### LISTED ENTRIES
>>
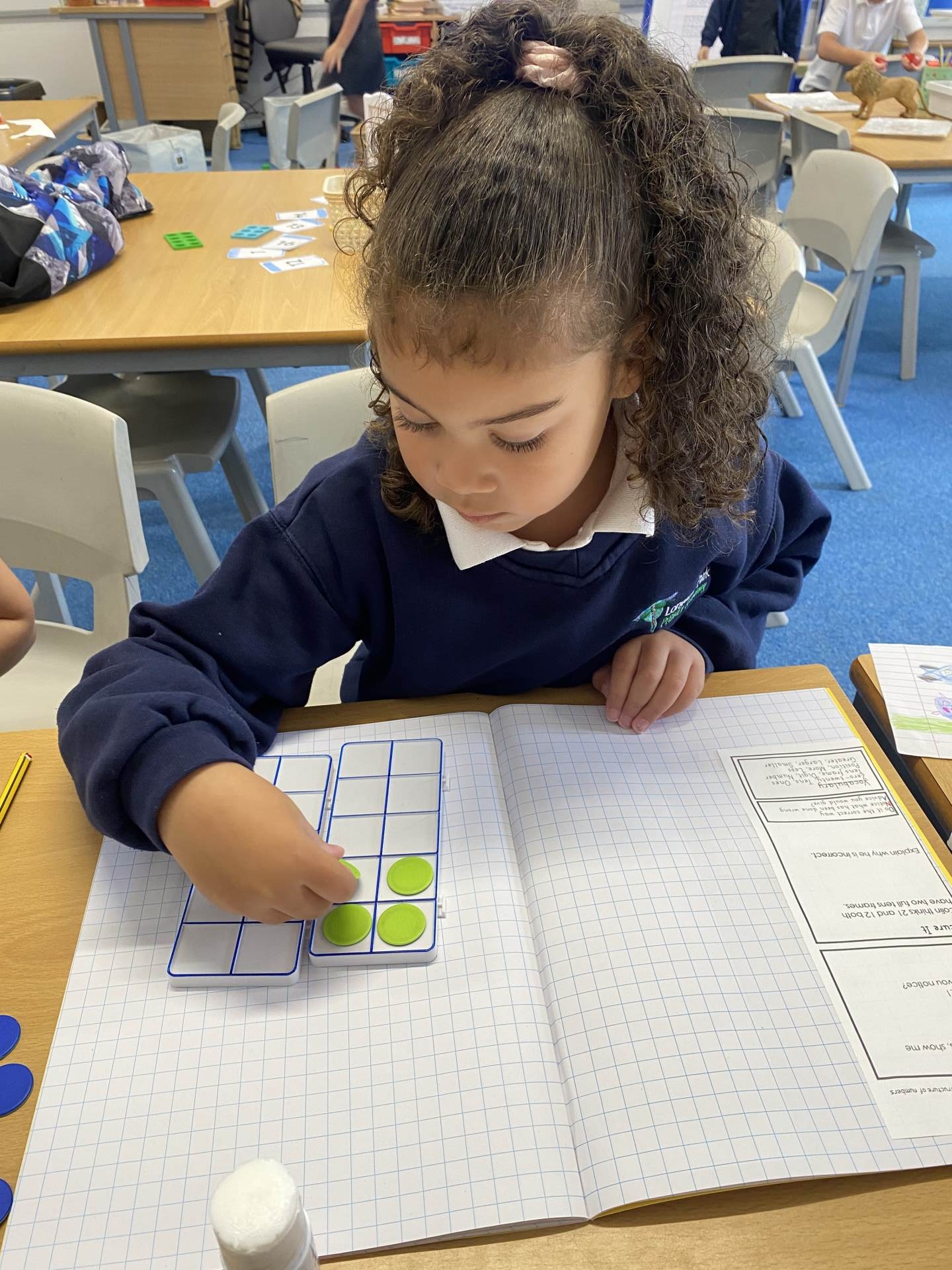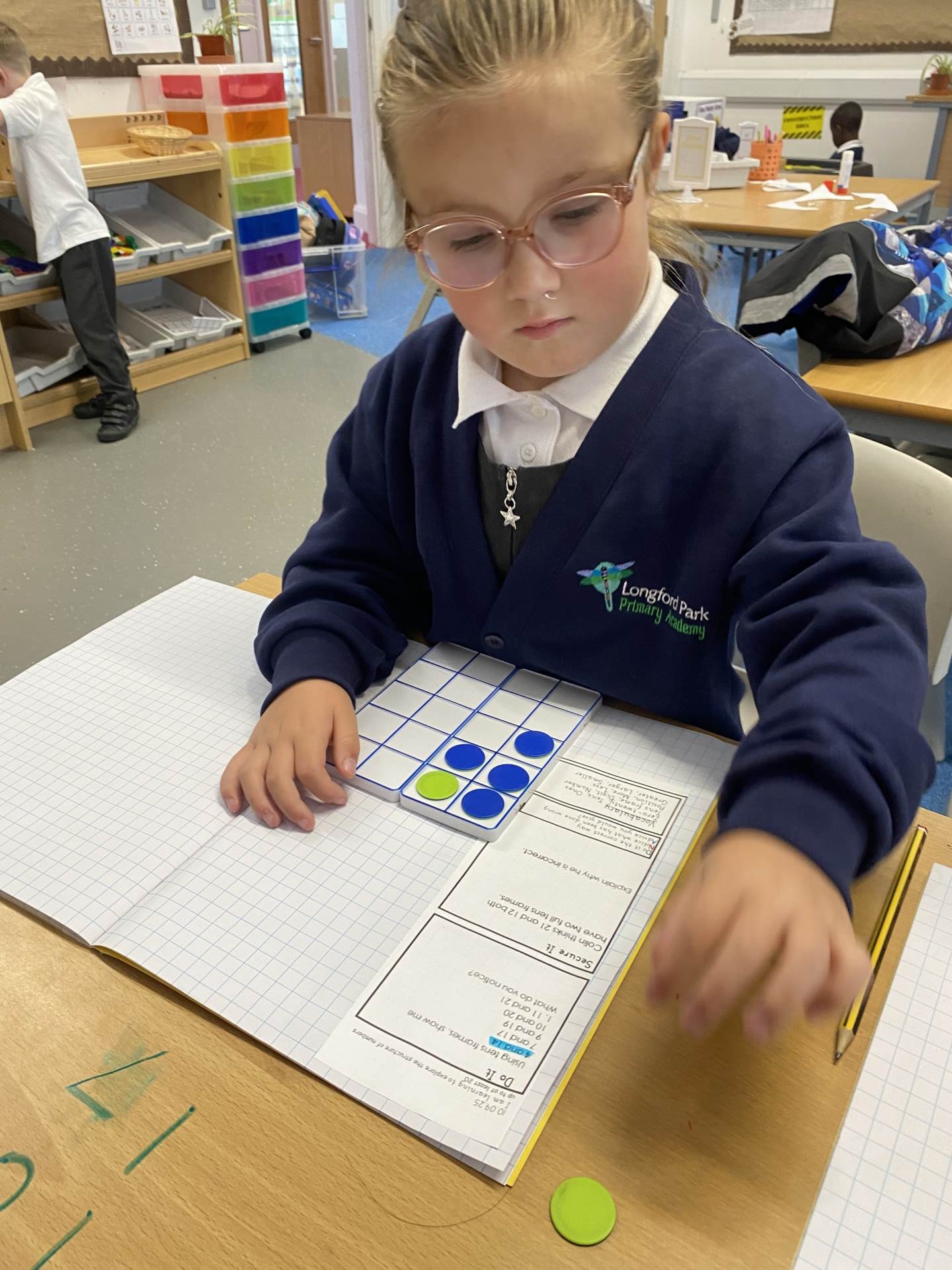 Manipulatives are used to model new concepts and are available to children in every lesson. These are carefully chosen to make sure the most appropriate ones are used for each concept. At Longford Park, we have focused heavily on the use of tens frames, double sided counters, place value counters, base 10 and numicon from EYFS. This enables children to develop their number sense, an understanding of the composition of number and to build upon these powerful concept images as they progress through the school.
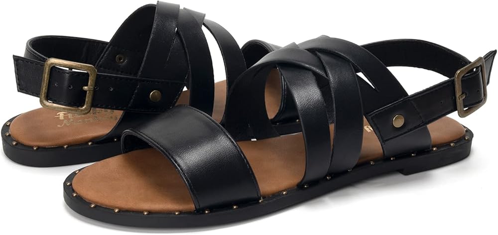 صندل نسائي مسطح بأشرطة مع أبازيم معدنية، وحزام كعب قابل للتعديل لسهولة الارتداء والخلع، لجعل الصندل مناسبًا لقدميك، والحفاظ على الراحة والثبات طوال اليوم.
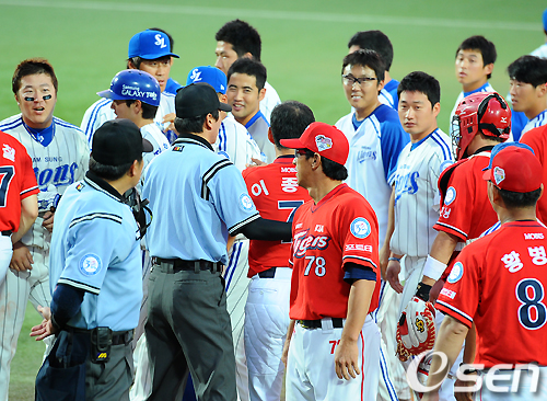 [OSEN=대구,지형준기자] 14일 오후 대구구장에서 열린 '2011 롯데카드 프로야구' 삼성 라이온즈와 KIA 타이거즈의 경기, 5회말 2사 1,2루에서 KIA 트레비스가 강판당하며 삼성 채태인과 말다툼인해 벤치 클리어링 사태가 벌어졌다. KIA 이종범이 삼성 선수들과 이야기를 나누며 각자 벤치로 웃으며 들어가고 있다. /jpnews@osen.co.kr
<<
>>
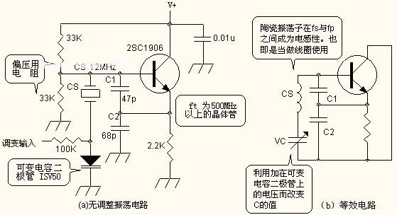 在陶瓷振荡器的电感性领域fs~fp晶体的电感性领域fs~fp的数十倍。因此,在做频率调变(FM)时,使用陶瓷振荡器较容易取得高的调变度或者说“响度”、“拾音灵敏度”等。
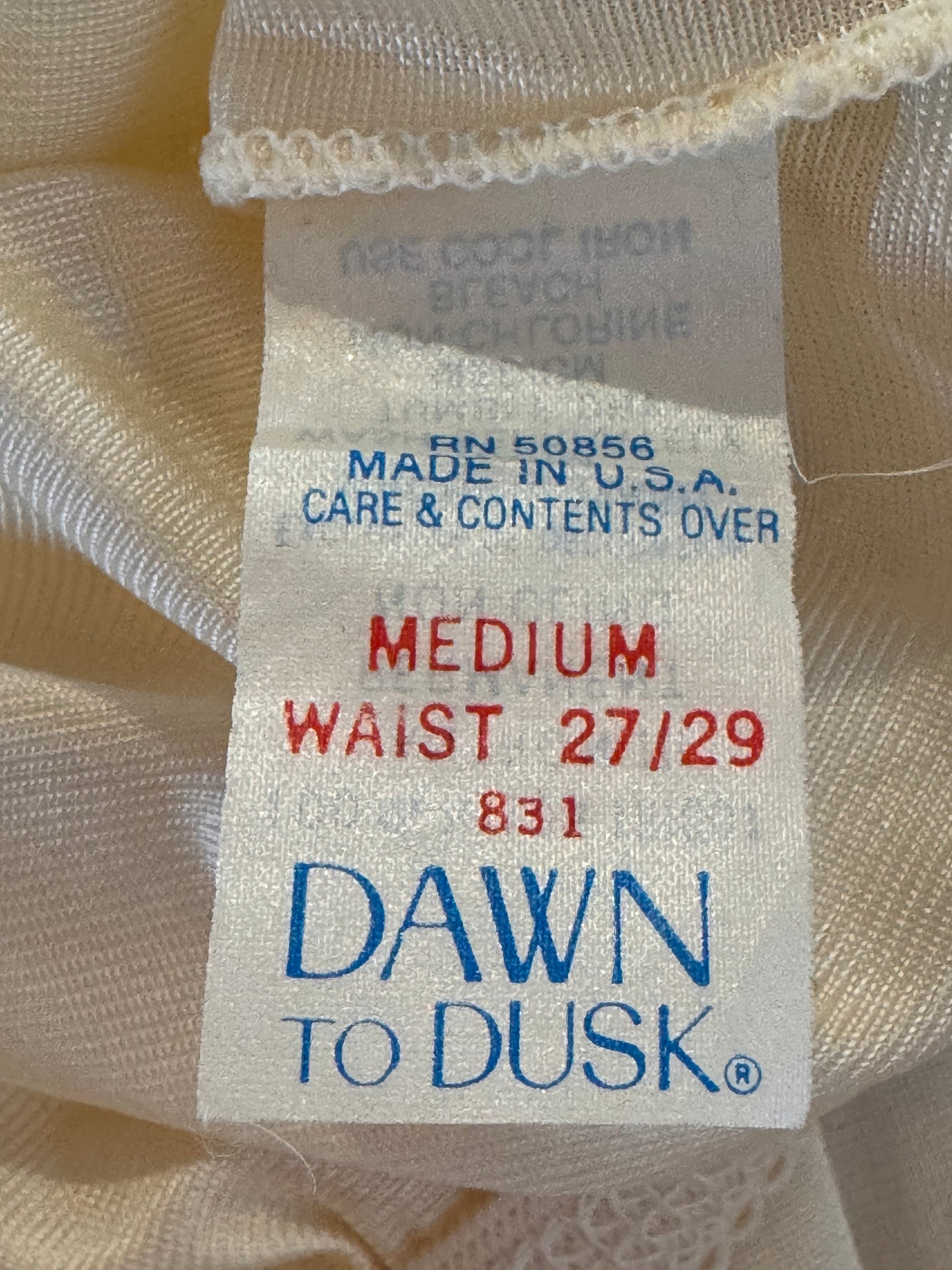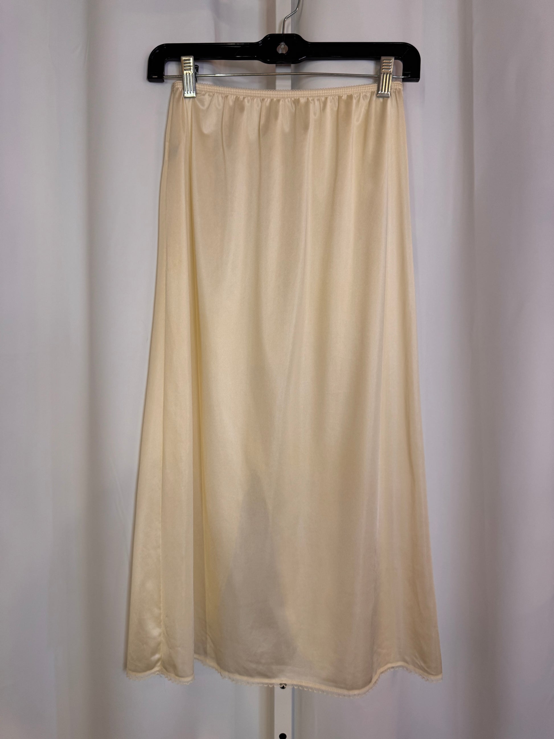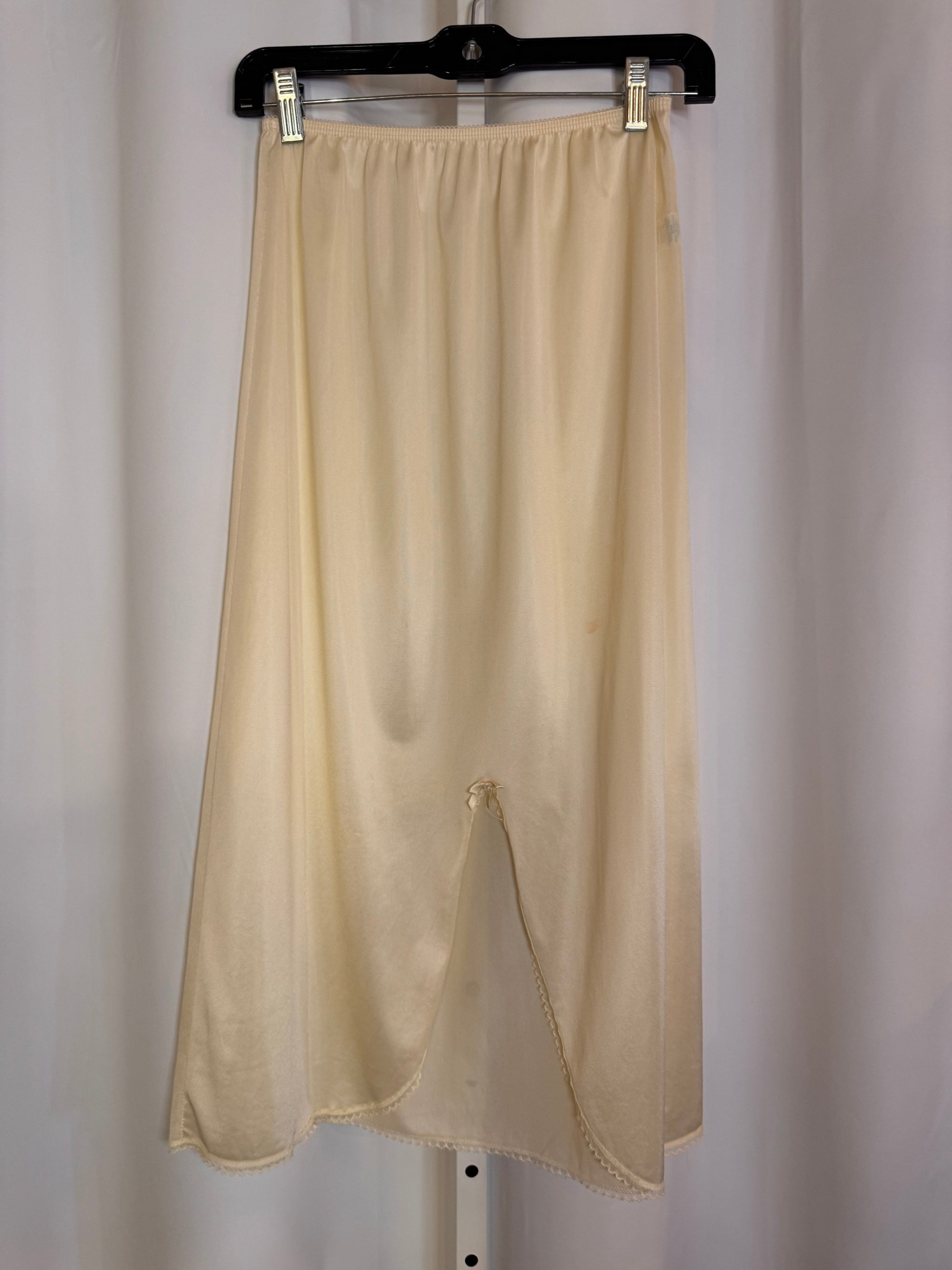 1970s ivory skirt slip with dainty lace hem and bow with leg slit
<<
### WORK ITEM
Starting from the line with "在陶瓷振荡器的电感性领域fs" in the records above, repeat each line exactly until you have written the line with "1970s ivory skirt", then stop; drop the pictures.

### RESPONSE TO THIS TASK
 在陶瓷振荡器的电感性领域fs~fp晶体的电感性领域fs~fp的数十倍。因此,在做频率调变(FM)时,使用陶瓷振荡器较容易取得高的调变度或者说“响度”、“拾音灵敏度”等。
 1970s ivory skirt slip with dainty lace hem and bow with leg slit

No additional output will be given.